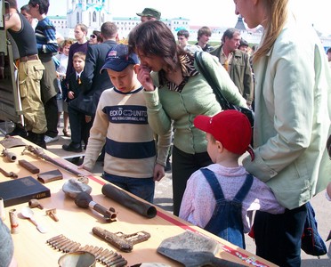 Народ быстро расходился, и мы поехали на Ярмарочную площадь посмотреть на наших мальчишек участвующих в параде. У нас была представлена небольшая экспозиция находок с мест боев Времен Великой Отечествен-ной войны и ребята рассказы-вали об экспонатах. Мне нравиться держать в руках такие находки, у каждой своя судьба, своя история, такое ощущение, что ты прикасаешься к тому, военному времени.
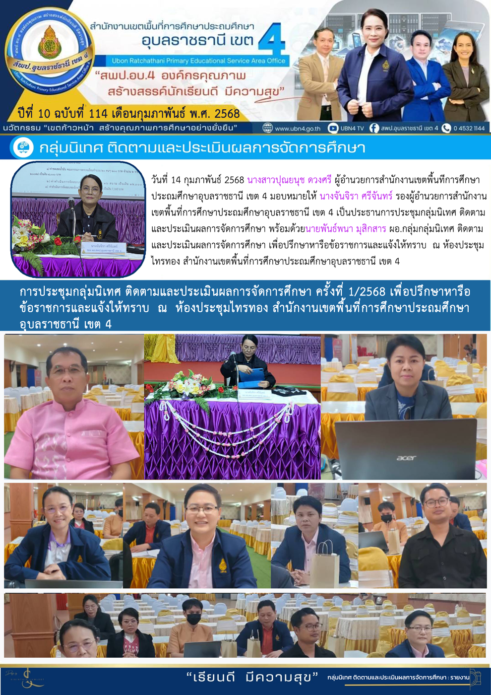 การประชุมกลุ่มนิเทศ ติดตามและประเมินผลการจัดการศึกษา ครั้งที่ 1/2568 เพื่อปรึกษาหารือข้อราชการและแจ้งให้ทราบ ณ ห้องประชุมไทรทอง สำนักงานเขตพื้นที่การศึกษาประถมศึกษาอุบลราชธานี เขต 4 ภารกิจ นางจันจิรา ศรีจันทร์ ก่อนหน้า ต่อไป
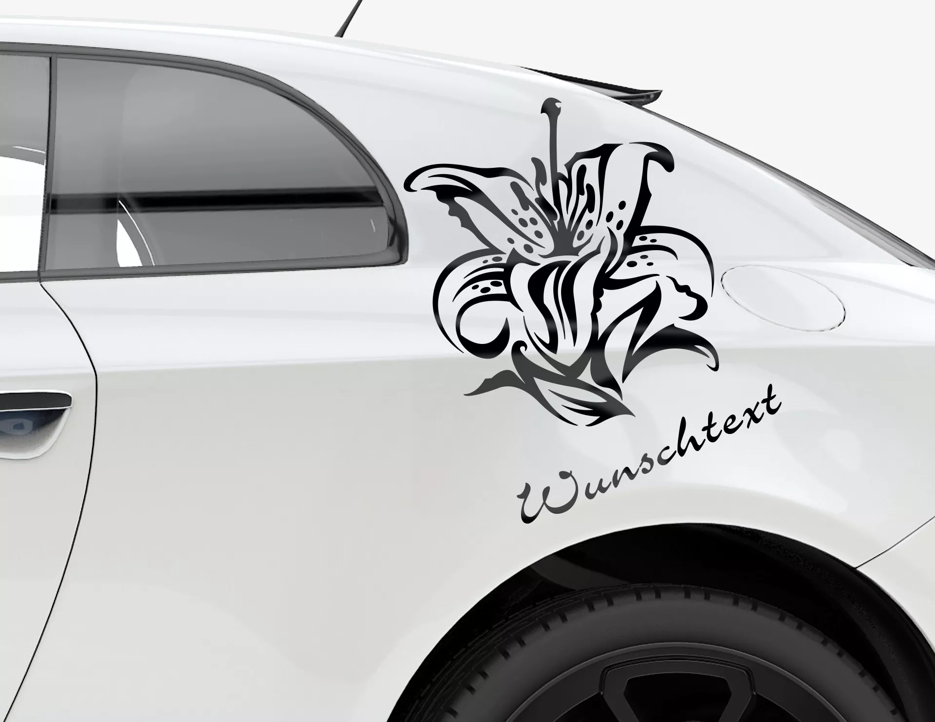 Verzaubere Dein Auto mit der Eleganz der Lilie. Der Autoaufkleber Deine Lilienblüte, enthält eine kunstvoll gestaltete Lilie + Deinen Wunschtext.
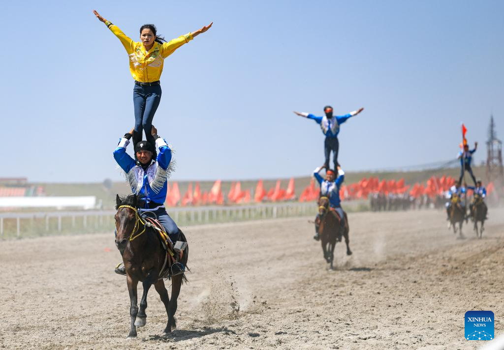 An equestrian show is staged during a tourism festival in Zhaosu, northwest China's Xinjiang Uygur Autonomous Region, July 19, 2025. (Xinhua/Wang Fei)
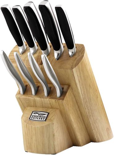 Professional high-carbon stainless steel blades with black polymer handles. High-carbon stainless steel creates a stronger, harder blade resisting stains, rust and pitting Full metal tang extends from the tip of the blade to the end of the knife forming part of the handle; provides added strength, balance, and control Triple compression stainless steel rivets secure the handles to the blade for in
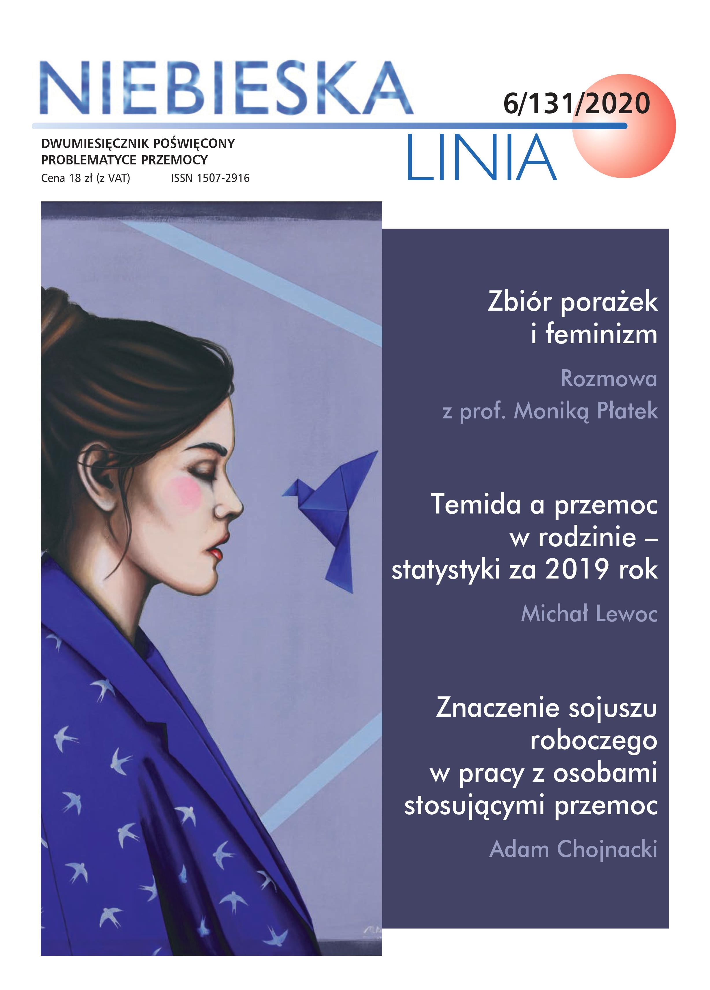 Z ogromną radością informujemy, iż pojawił się kolejny numer (5/130/2020) naszego dwumiesięcznika Niebieska Linia, a w nim między innymi rozmowa z prof. Moniką Płatek, opracowanie pełnych statystyk za rok 2019, które (jak co roku od 2009 roku!) przygotował dla nas dr Michał Lewoc, a także tekst Adama Chojnackiego "Znaczenie sojuszu roboczego w pracy z osobami stosującymi przemoc".
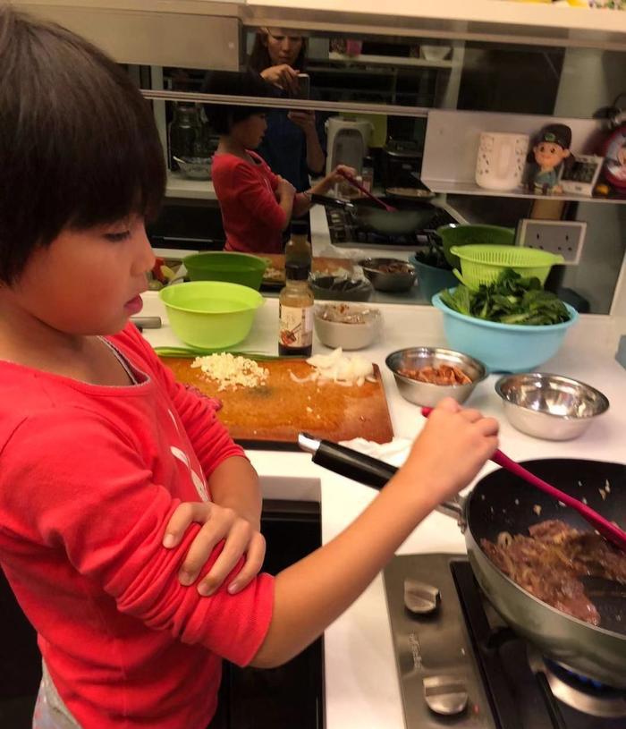 就连小女儿都开始做饭了,女儿一脸严肃看着锅里,十分认真,看上去动作也很娴熟,想来也是一向在家里自己动手的小孩子吧,而看穿着打扮都很居家,看来蔡少芬的教育还是主张的勤俭、节约,这对小孩其实也有很大的影响,不得不说这样的”富养“不仅是教会小孩生活,更是从小懂得自己动手,丰衣足食的好习惯!
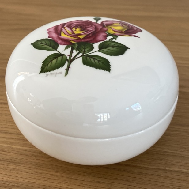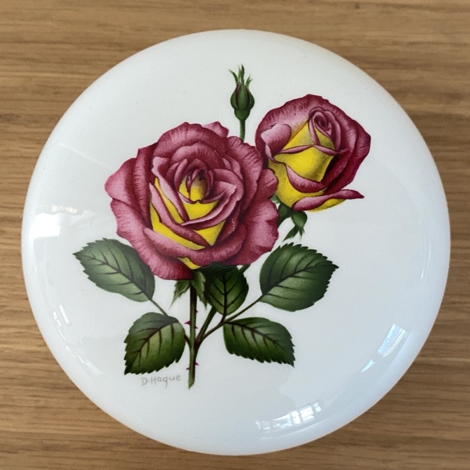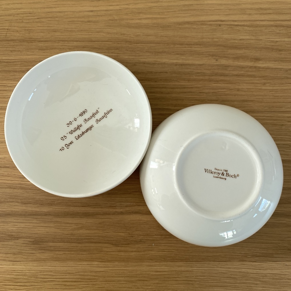 Bonbonnière en faïence (10 cm de diamètre) produite par Villeroy & Boch Luxembourg en 1990, pour l’anniversaire de la fête des roses de Walferdange. Elle est en parfait état.
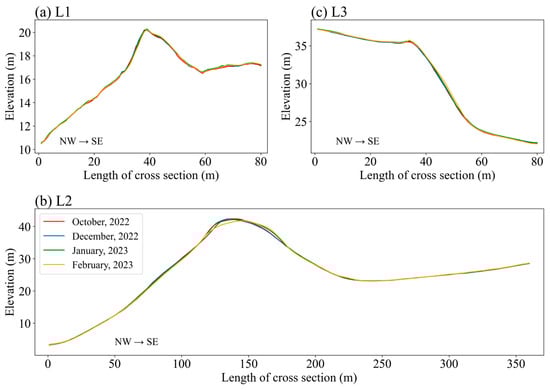To detect topographic changes in the sand dune areas, three terrain profiles depicting the elevations of the cross-sections were examined on the basis of the differences in the point clouds between October and December 2022, December 2022 and January 2023, and January and February 2023. Elevation changes were detected in the sand dune areas at L2. The top elevation of the sand dune in L2 was 42.4 m in October and then gradually decreased. From January to February, the top elevation decreased by approximately 0.4 m (Figure 8b).

[Goal of the exercise] A verbatim copy of the records is expected, from their first line through the line with "An equestrian show", inclusive, with the pictures removed.

[Exercise answer]
 Народ быстро расходился, и мы поехали на Ярмарочную площадь посмотреть на наших мальчишек участвующих в параде. У нас была представлена небольшая экспозиция находок с мест боев Времен Великой Отечествен-ной войны и ребята рассказы-вали об экспонатах. Мне нравиться держать в руках такие находки, у каждой своя судьба, своя история, такое ощущение, что ты прикасаешься к тому, военному времени.
 การประชุมกลุ่มนิเทศ ติดตามและประเมินผลการจัดการศึกษา ครั้งที่ 1/2568 เพื่อปรึกษาหารือข้อราชการและแจ้งให้ทราบ ณ ห้องประชุมไทรทอง สำนักงานเขตพื้นที่การศึกษาประถมศึกษาอุบลราชธานี เขต 4 ภารกิจ นางจันจิรา ศรีจันทร์ ก่อนหน้า ต่อไป
 Verzaubere Dein Auto mit der Eleganz der Lilie. Der Autoaufkleber Deine Lilienblüte, enthält eine kunstvoll gestaltete Lilie + Deinen Wunschtext.
 An equestrian show is staged during a tourism festival in Zhaosu, northwest China's Xinjiang Uygur Autonomous Region, July 19, 2025. (Xinhua/Wang Fei)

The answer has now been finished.